Everything in the records except the pictures must be copied out exactly.

══════════

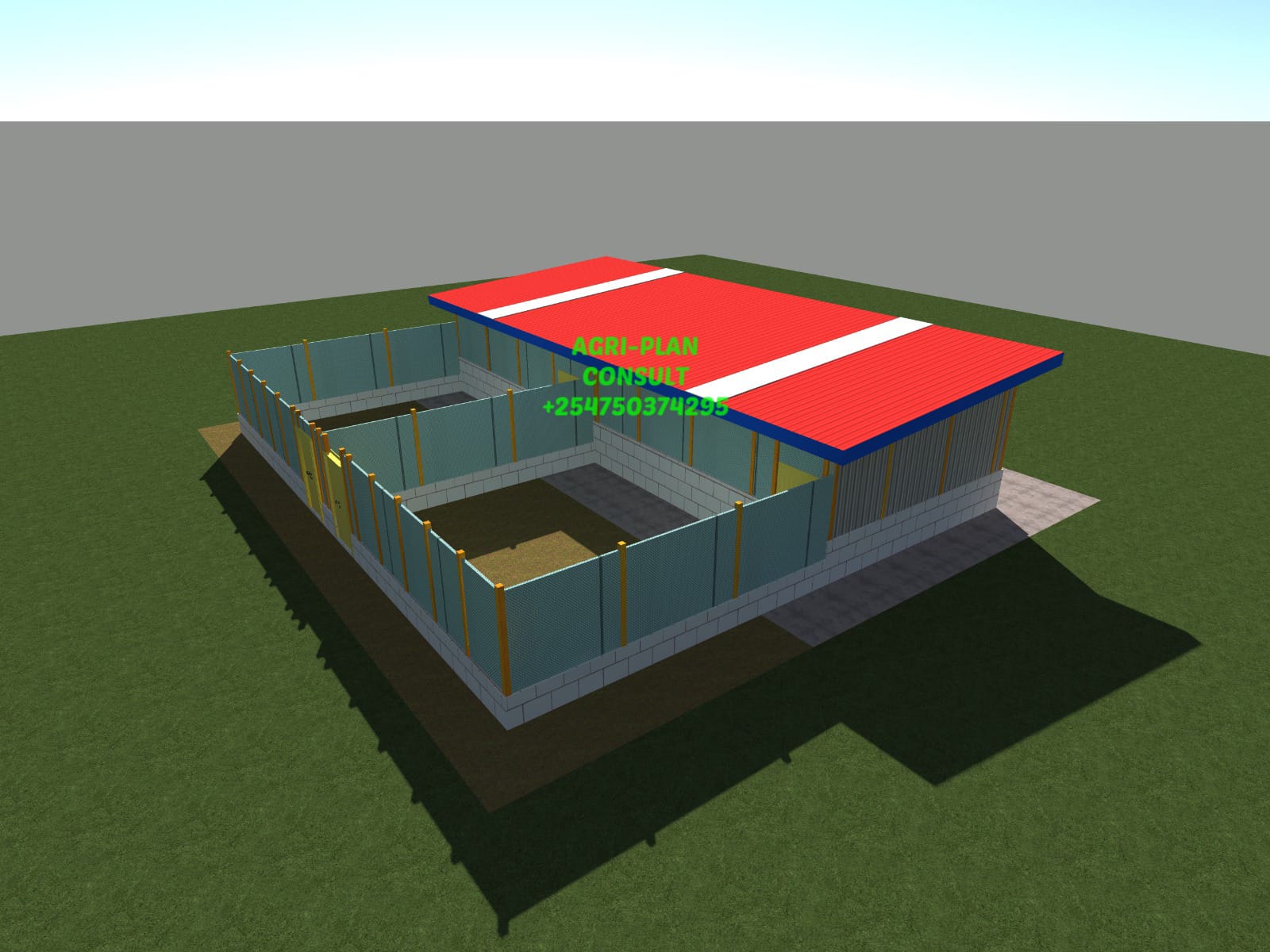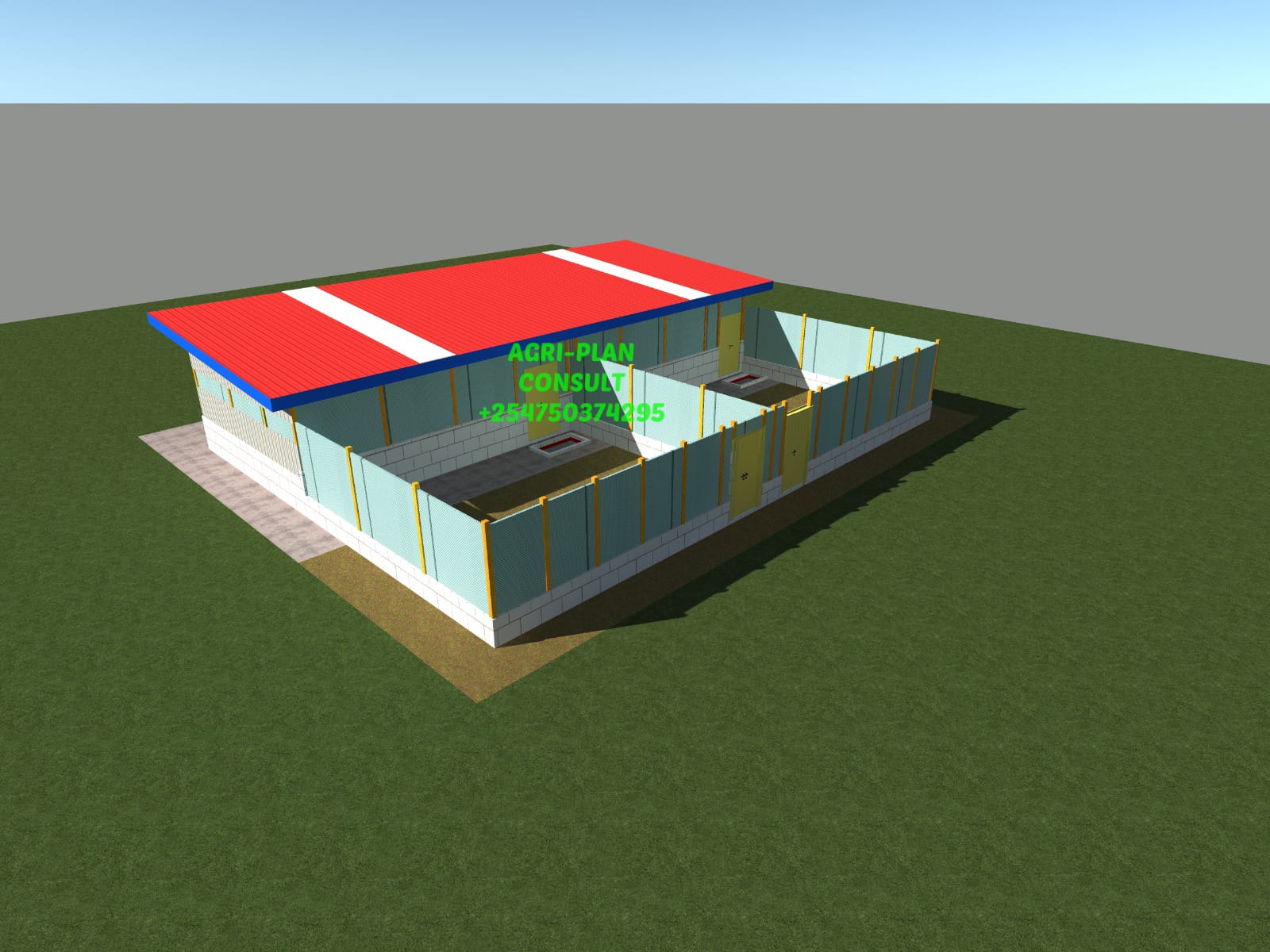 1000 CAPACITY DETAILED POULTRY UNIT PLAN AND DESIGNS WITH TWO PARTITIONS, THE PLAN IS DESIGNED FOR SEMI-INTENSIVE SYSTEM OF PRODUCTION WITH A FRONT RUN SPACE.
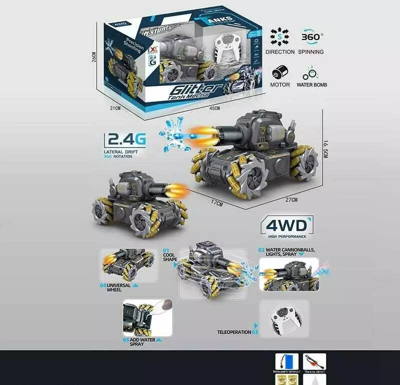 Танк на радіокеруванні CXL 800-102 A3 (12/2) акум. 7.4V, пульт 2.4G, USB-кабель, підсвічування, парогенерація, стріляє орбізами, музика, в коробці
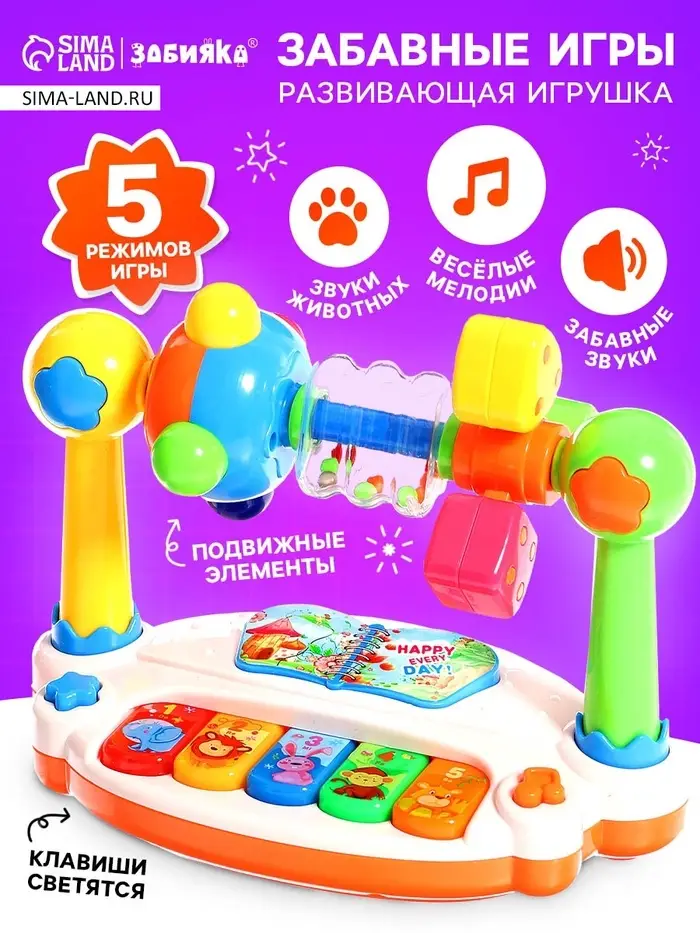 Развивающая игрушка ZABIAKA «Весёлые игры», звуковые и световые эффекты, с подвижными элементами
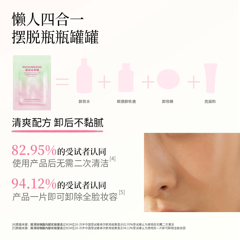 【便携卸妆】摇滚动物园芭乐卸妆湿巾独立包装温和清洁控油4合1
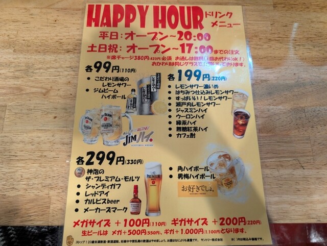 | サービス | 2時間半以上の宴会可、お祝い・サプライズ可、ドリンク持込可、ペット可、テイクアウト |
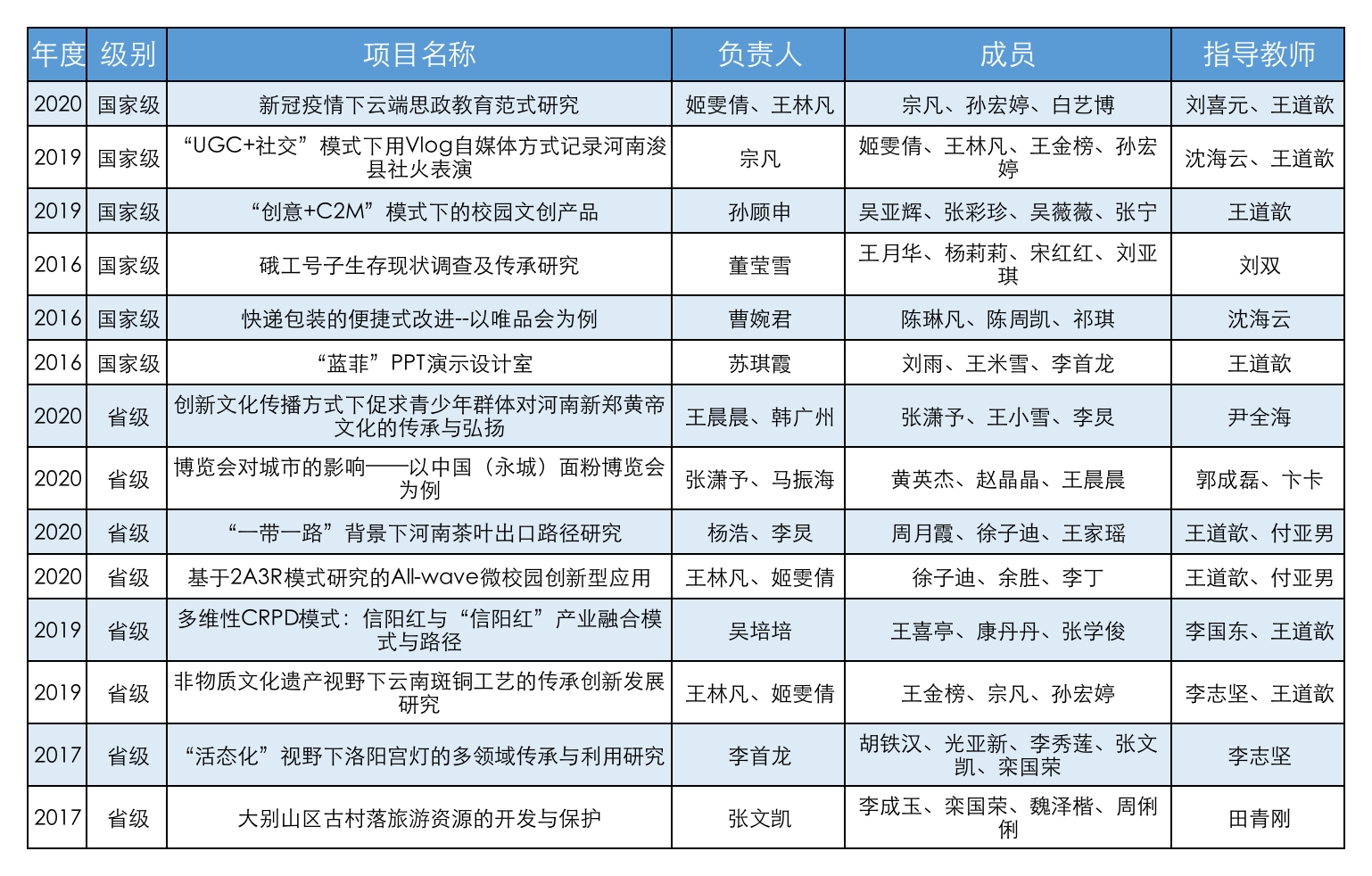 获批项目分别为由尹全海教授指导,王晨晨和韩广州主持的《创新文化传播方式下促求青少年群体对河南新郑黄帝文化的传承与弘扬》;郭成磊、卞卡老师指导,张潇予、马振海主持的《博览会对城市的影响——以中国(永城)面粉博览会为例》;王道歆、付亚男老师指导,杨浩、李炅主持的《“一带一路”背景下河南茶叶出口路径研究》;王道歆、付亚男老师指导,王林凡、姬雯倩主持的《基于2A3R模式研究的All-wave微校园创新型应用》。
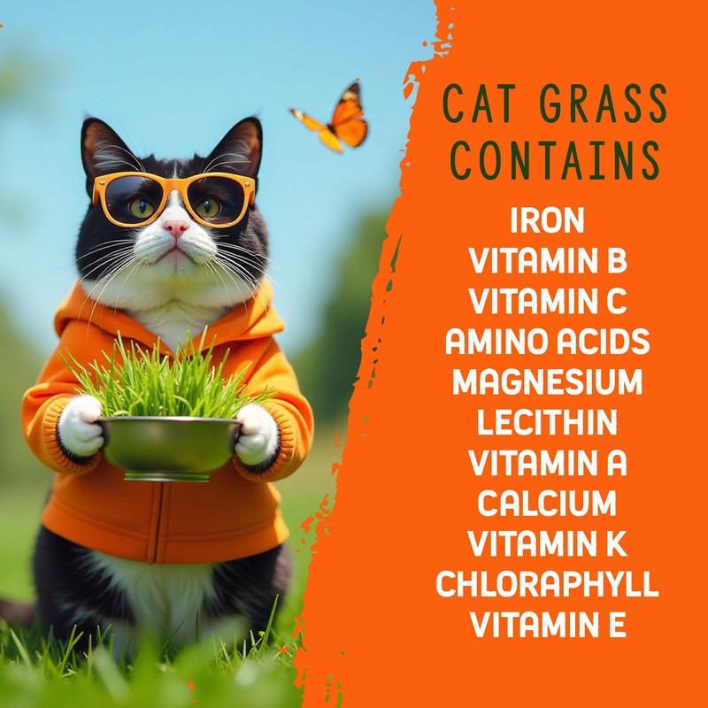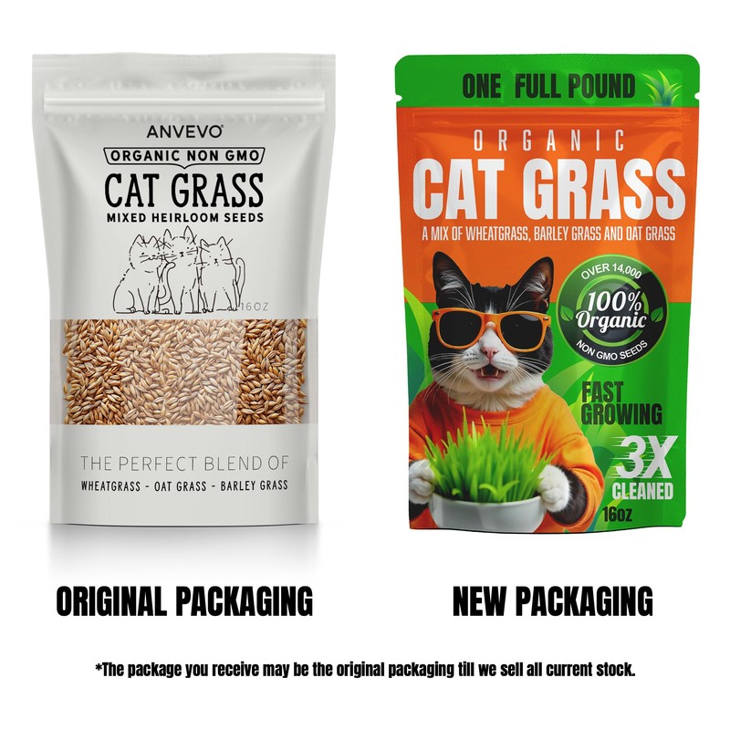 - Organic Cat Grass: This product contains a blend of organic, non-GMO wheatgrass, oat grass, and barley grass seeds for growing fresh cat grass.
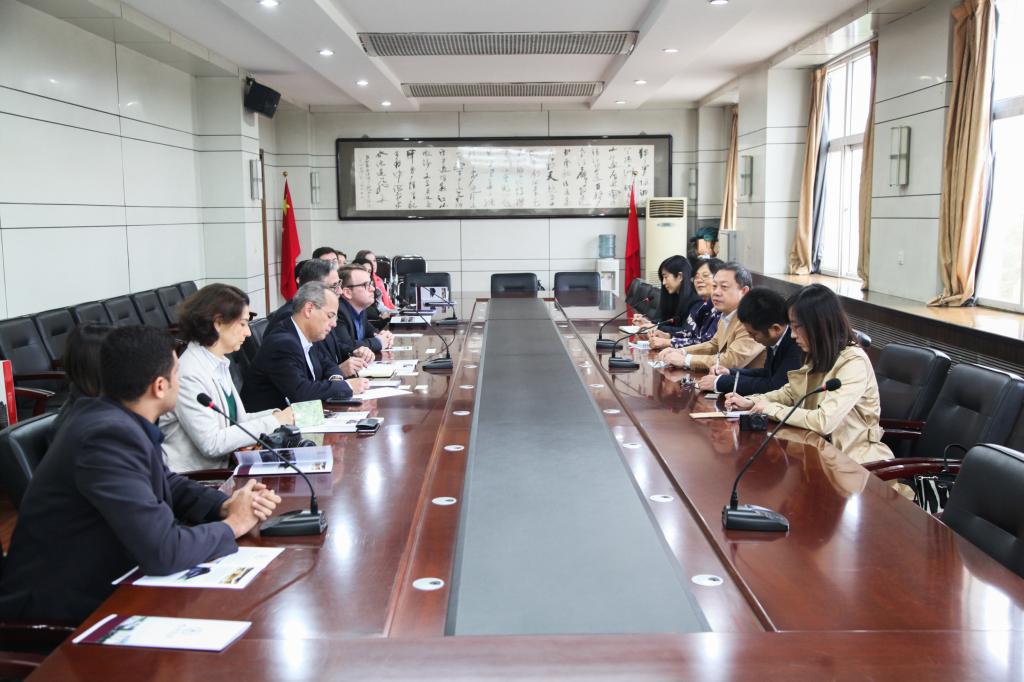 10月15日,以里约前教育厅厅长,巴西教育研究院研究员威尔森(Wilson Risolia Rodrigues)先生为团长的巴西教育代表团一行11人对bat365官网进行了友好访问。副校长候书文接见了代表团并与代表团进行了合作洽谈,洽谈由国际教育交流中心主任廖亦斌主持。
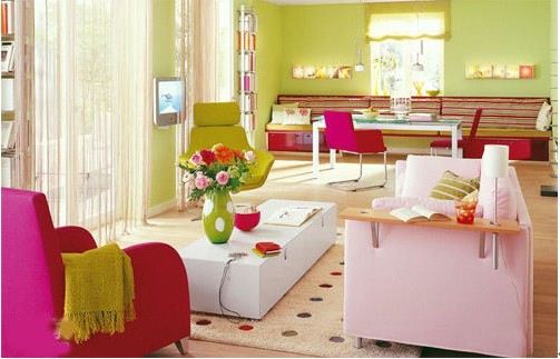 在這樣多彩的室內(nèi)空間里,可感受到一股清新味,居室環(huán)境甜美儒雅,讓你情不自禁的陷入其中,如同吃了塊麥芽糖的甜蜜。居室中不怕色彩多,只要你運(yùn)用好,就能確立風(fēng)格,軟裝色調(diào)的選用至關(guān)重要,巧妙合理使用便可設(shè)計(jì)出精致美家。
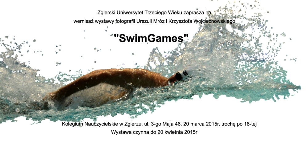 Zgierski Uniwersytet Trzeciego Wieku zaprasza na wernisaż wystawy fotografii Urszuli Mróz i Krzysztofa Wojciechowskiego "SwimGames"
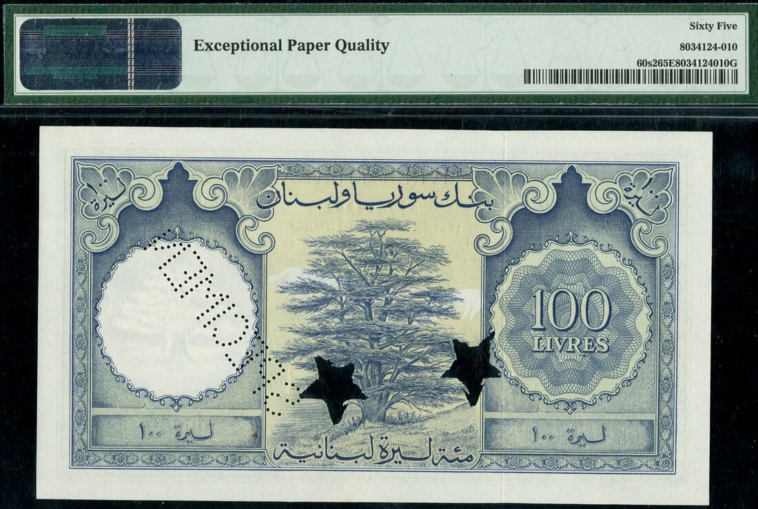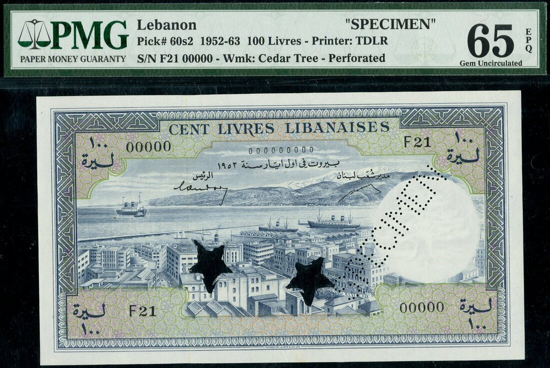 (x) Banque de Syrie et du Liban, Lebanon, specimen 100 livres, 1952, serial number F21 00000, blue and lilac, Beirut harbour at centre, reverse blue, Cedar tree at centre, value at right
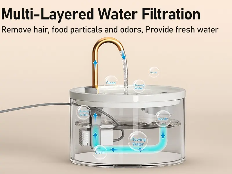 Gently flowing water mimics a natural stream or faucet, encouraging cats to drink more. Helps prevent urinary and kidney issues. 🐾
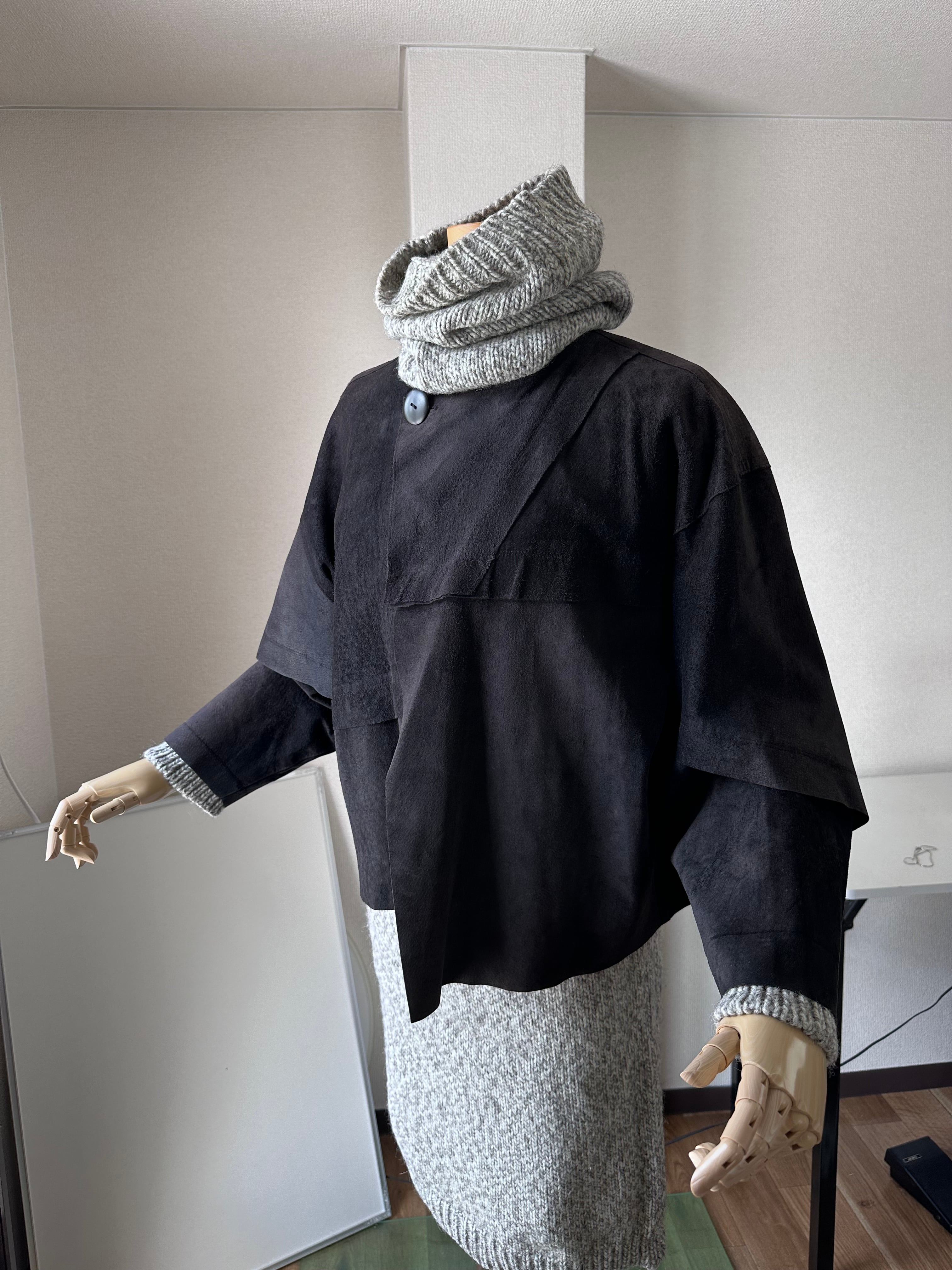 使い心地としてはレザーボレロみたいな感覚になるのですが、サイズ感が意外と大きくって、しかもメンズ服なのか左前の合わせ。

══════════

**Task answer**:
 1000 CAPACITY DETAILED POULTRY UNIT PLAN AND DESIGNS WITH TWO PARTITIONS, THE PLAN IS DESIGNED FOR SEMI-INTENSIVE SYSTEM OF PRODUCTION WITH A FRONT RUN SPACE.
 Танк на радіокеруванні CXL 800-102 A3 (12/2) акум. 7.4V, пульт 2.4G, USB-кабель, підсвічування, парогенерація, стріляє орбізами, музика, в коробці
 Развивающая игрушка ZABIAKA «Весёлые игры», звуковые и световые эффекты, с подвижными элементами
 【便携卸妆】摇滚动物园芭乐卸妆湿巾独立包装温和清洁控油4合1
 | サービス | 2時間半以上の宴会可、お祝い・サプライズ可、ドリンク持込可、ペット可、テイクアウト |
 获批项目分别为由尹全海教授指导,王晨晨和韩广州主持的《创新文化传播方式下促求青少年群体对河南新郑黄帝文化的传承与弘扬》;郭成磊、卞卡老师指导,张潇予、马振海主持的《博览会对城市的影响——以中国(永城)面粉博览会为例》;王道歆、付亚男老师指导,杨浩、李炅主持的《“一带一路”背景下河南茶叶出口路径研究》;王道歆、付亚男老师指导,王林凡、姬雯倩主持的《基于2A3R模式研究的All-wave微校园创新型应用》。
 - Organic Cat Grass: This product contains a blend of organic, non-GMO wheatgrass, oat grass, and barley grass seeds for growing fresh cat grass.
 10月15日,以里约前教育厅厅长,巴西教育研究院研究员威尔森(Wilson Risolia Rodrigues)先生为团长的巴西教育代表团一行11人对bat365官网进行了友好访问。副校长候书文接见了代表团并与代表团进行了合作洽谈,洽谈由国际教育交流中心主任廖亦斌主持。
 在這樣多彩的室內(nèi)空間里,可感受到一股清新味,居室環(huán)境甜美儒雅,讓你情不自禁的陷入其中,如同吃了塊麥芽糖的甜蜜。居室中不怕色彩多,只要你運(yùn)用好,就能確立風(fēng)格,軟裝色調(diào)的選用至關(guān)重要,巧妙合理使用便可設(shè)計(jì)出精致美家。
 Zgierski Uniwersytet Trzeciego Wieku zaprasza na wernisaż wystawy fotografii Urszuli Mróz i Krzysztofa Wojciechowskiego "SwimGames"
 (x) Banque de Syrie et du Liban, Lebanon, specimen 100 livres, 1952, serial number F21 00000, blue and lilac, Beirut harbour at centre, reverse blue, Cedar tree at centre, value at right
 Gently flowing water mimics a natural stream or faucet, encouraging cats to drink more. Helps prevent urinary and kidney issues. 🐾
 使い心地としてはレザーボレロみたいな感覚になるのですが、サイズ感が意外と大きくって、しかもメンズ服なのか左前の合わせ。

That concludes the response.